REQUIRED WORK:
The answer is to be an exact copy of the lines below running from the line with "ا- و من المجيدات" down to the line with "The greater the", both ends included, and nothing more.

INFORMATION SHOWN:

—————

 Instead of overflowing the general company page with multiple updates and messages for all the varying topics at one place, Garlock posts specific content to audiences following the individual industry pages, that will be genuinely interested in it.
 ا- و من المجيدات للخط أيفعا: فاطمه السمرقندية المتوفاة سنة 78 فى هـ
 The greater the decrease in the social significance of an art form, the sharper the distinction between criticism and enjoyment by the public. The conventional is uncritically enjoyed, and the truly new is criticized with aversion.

—————

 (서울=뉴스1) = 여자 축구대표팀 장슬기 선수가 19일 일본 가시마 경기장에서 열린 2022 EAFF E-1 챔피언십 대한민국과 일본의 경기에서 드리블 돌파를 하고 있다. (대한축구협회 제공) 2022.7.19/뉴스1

—————

SOLUTION FOR THIS EXERCISE:
 ا- و من المجيدات للخط أيفعا: فاطمه السمرقندية المتوفاة سنة 78 فى هـ
 The greater the decrease in the social significance of an art form, the sharper the distinction between criticism and enjoyment by the public. The conventional is uncritically enjoyed, and the truly new is criticized with aversion.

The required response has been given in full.